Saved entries
__________
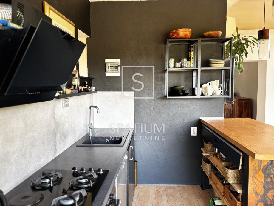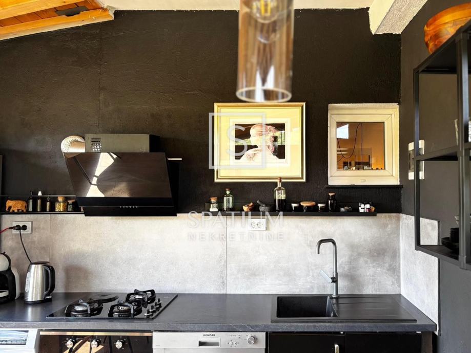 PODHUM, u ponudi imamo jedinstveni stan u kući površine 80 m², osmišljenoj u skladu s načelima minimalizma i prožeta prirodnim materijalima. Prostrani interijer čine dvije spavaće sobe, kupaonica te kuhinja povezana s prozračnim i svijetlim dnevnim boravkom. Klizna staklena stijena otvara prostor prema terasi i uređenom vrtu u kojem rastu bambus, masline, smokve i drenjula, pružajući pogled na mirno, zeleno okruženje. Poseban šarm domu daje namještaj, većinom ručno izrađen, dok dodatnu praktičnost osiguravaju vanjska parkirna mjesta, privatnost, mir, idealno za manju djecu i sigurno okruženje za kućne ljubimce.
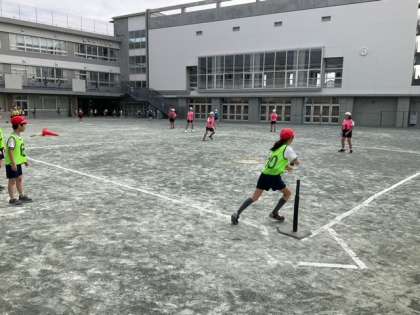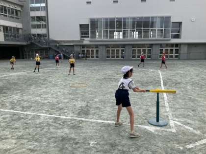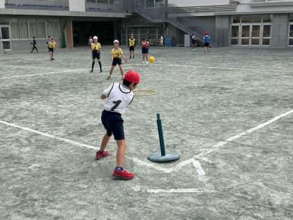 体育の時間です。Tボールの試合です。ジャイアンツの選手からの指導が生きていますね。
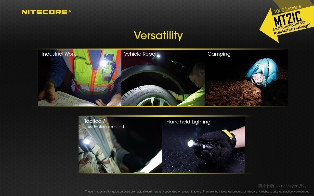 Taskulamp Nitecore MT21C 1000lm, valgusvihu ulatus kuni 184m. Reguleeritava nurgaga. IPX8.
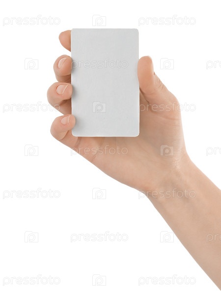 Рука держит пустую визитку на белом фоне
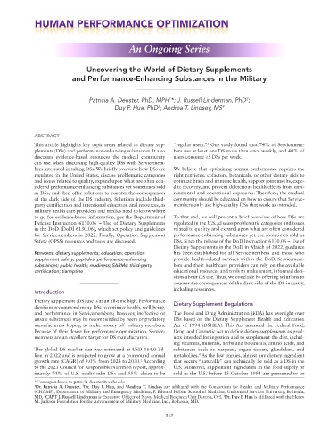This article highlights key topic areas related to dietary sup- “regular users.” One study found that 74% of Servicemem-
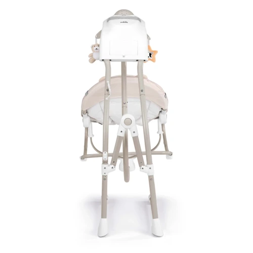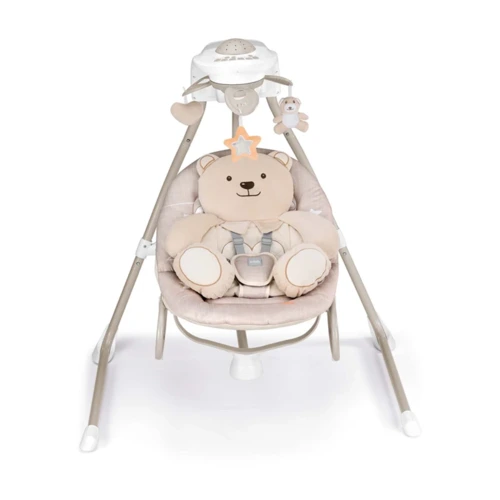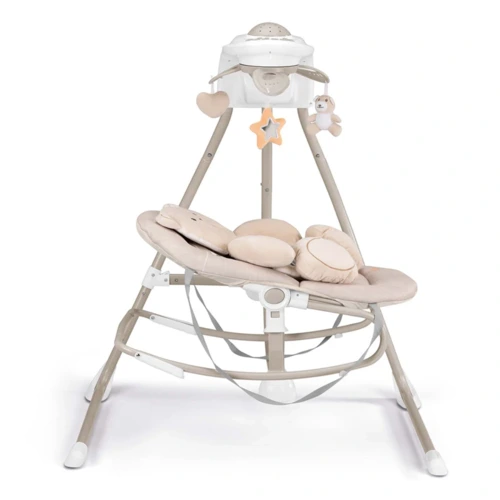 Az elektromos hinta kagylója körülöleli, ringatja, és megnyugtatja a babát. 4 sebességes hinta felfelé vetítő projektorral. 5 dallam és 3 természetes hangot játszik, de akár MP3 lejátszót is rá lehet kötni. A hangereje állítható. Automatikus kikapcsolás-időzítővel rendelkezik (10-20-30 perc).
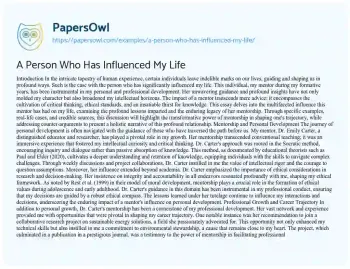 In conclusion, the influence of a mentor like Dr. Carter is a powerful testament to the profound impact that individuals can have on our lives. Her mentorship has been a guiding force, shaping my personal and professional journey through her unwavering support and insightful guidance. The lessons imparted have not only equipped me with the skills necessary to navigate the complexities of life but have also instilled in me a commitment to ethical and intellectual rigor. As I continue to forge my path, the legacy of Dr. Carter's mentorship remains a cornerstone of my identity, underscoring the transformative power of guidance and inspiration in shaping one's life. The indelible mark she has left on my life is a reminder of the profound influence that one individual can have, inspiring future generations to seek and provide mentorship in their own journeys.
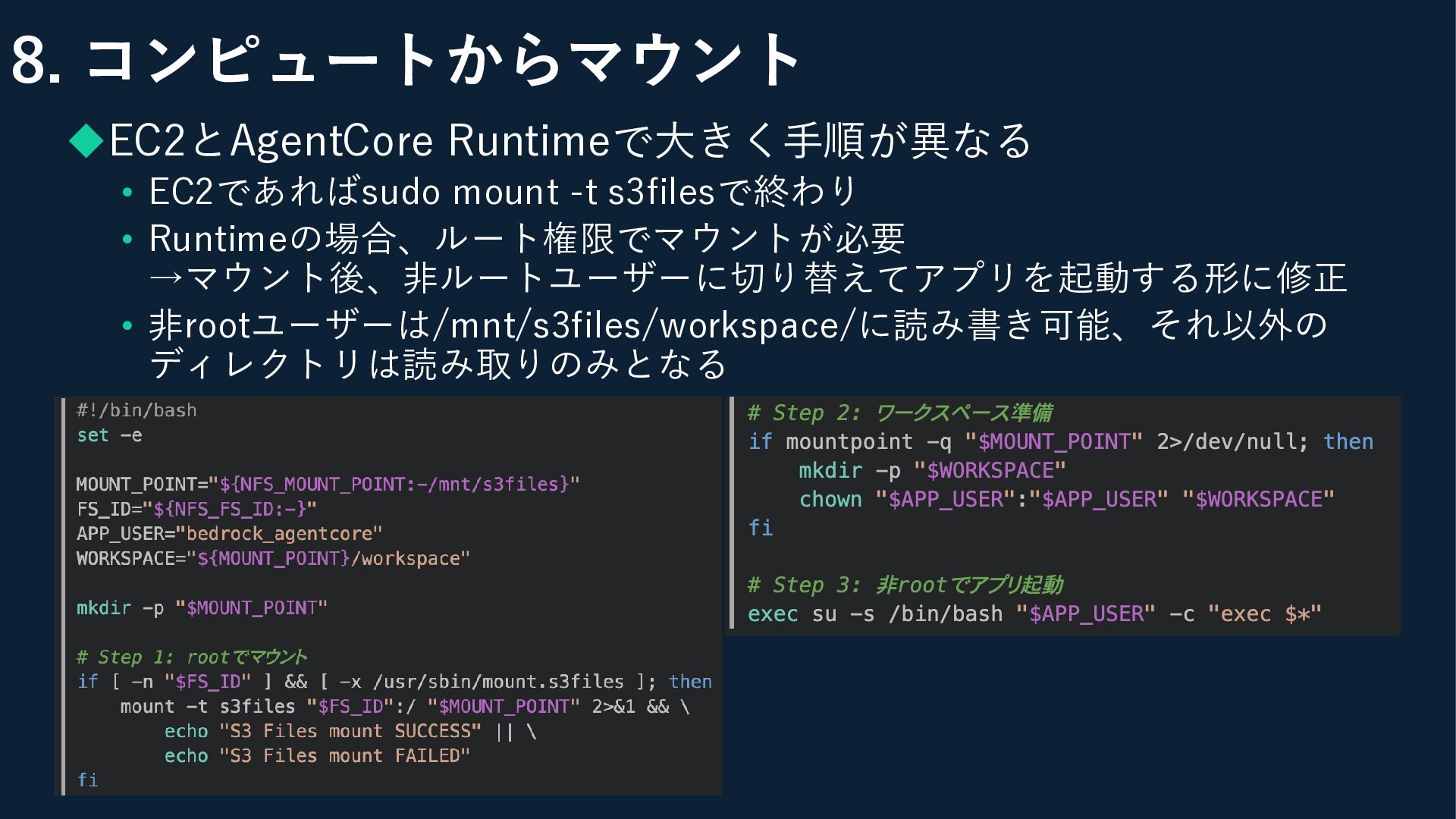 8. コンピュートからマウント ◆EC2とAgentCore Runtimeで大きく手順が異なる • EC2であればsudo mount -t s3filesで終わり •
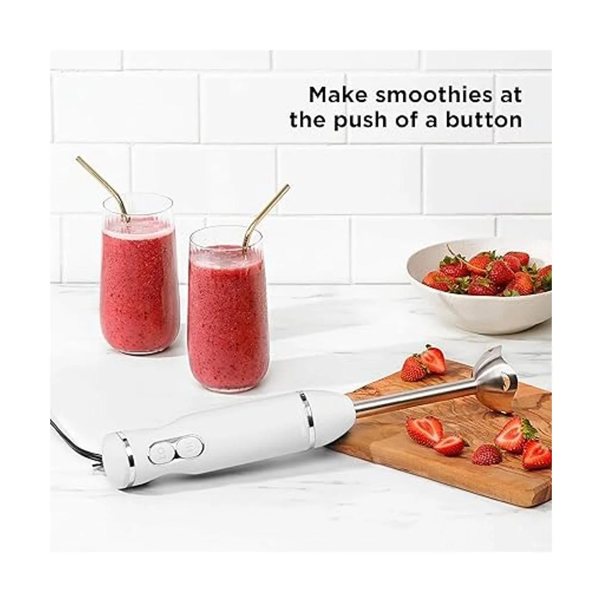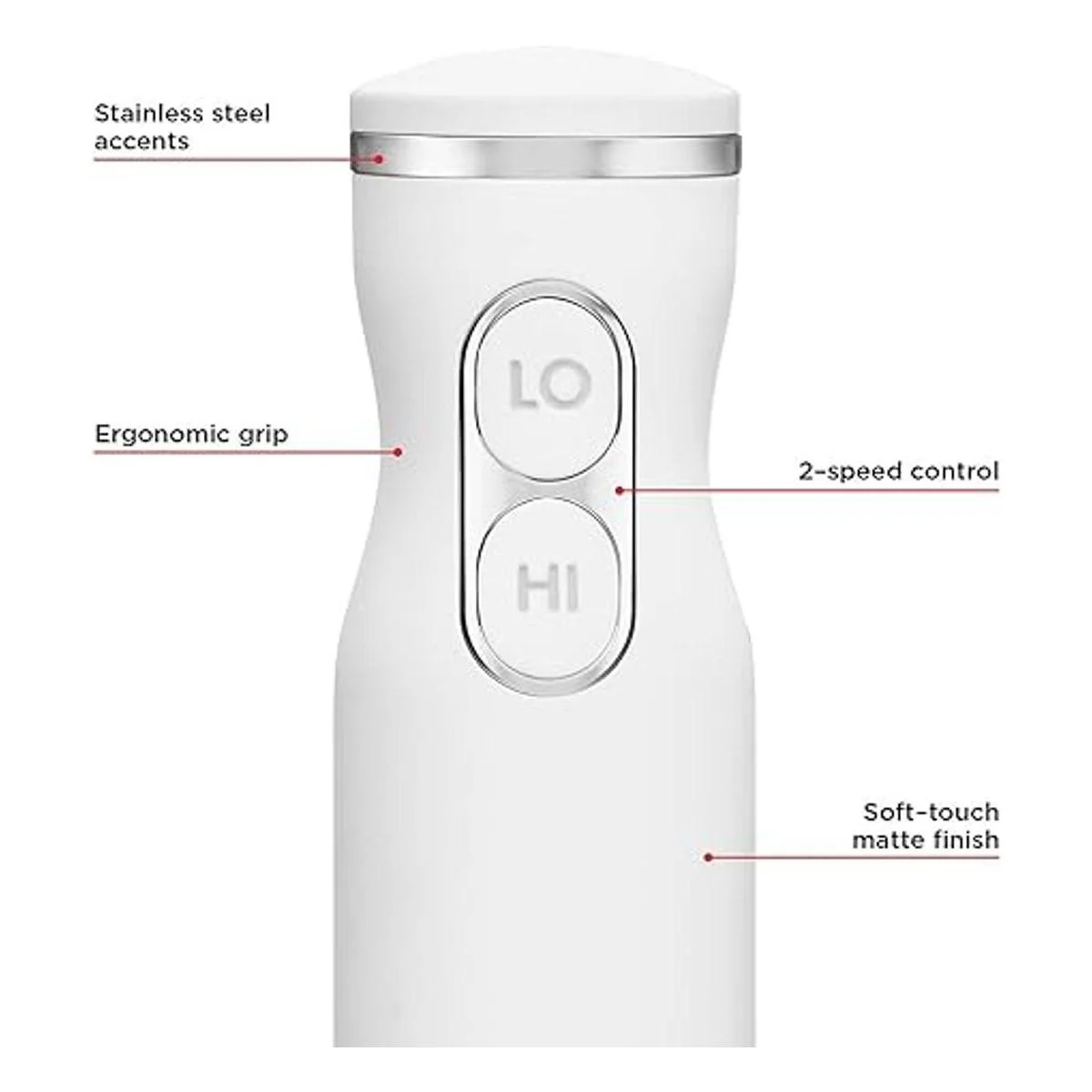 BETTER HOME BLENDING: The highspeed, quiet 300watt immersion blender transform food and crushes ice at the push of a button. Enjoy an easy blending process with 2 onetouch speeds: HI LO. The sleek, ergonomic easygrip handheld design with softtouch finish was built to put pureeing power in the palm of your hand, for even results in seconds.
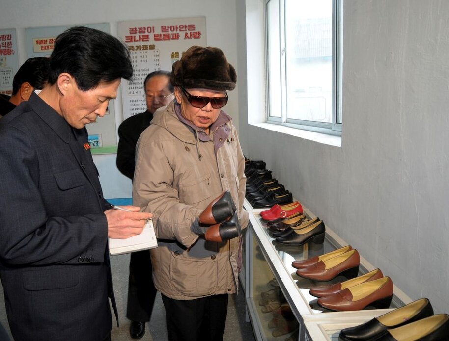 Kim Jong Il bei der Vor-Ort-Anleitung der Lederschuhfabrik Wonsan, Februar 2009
__________
WORK REQUEST >>
Extract the part of the records that opens with the line containing "Рука держит пустую визитку на белом фоне" and closes with the line containing "Az elektromos hinta". Take only those lines, exactly, and no pictures.

ANSWER FOR THE TASK >>
 Рука держит пустую визитку на белом фоне
This article highlights key topic areas related to dietary sup- “regular users.” One study found that 74% of Servicemem-
 Az elektromos hinta kagylója körülöleli, ringatja, és megnyugtatja a babát. 4 sebességes hinta felfelé vetítő projektorral. 5 dallam és 3 természetes hangot játszik, de akár MP3 lejátszót is rá lehet kötni. A hangereje állítható. Automatikus kikapcsolás-időzítővel rendelkezik (10-20-30 perc).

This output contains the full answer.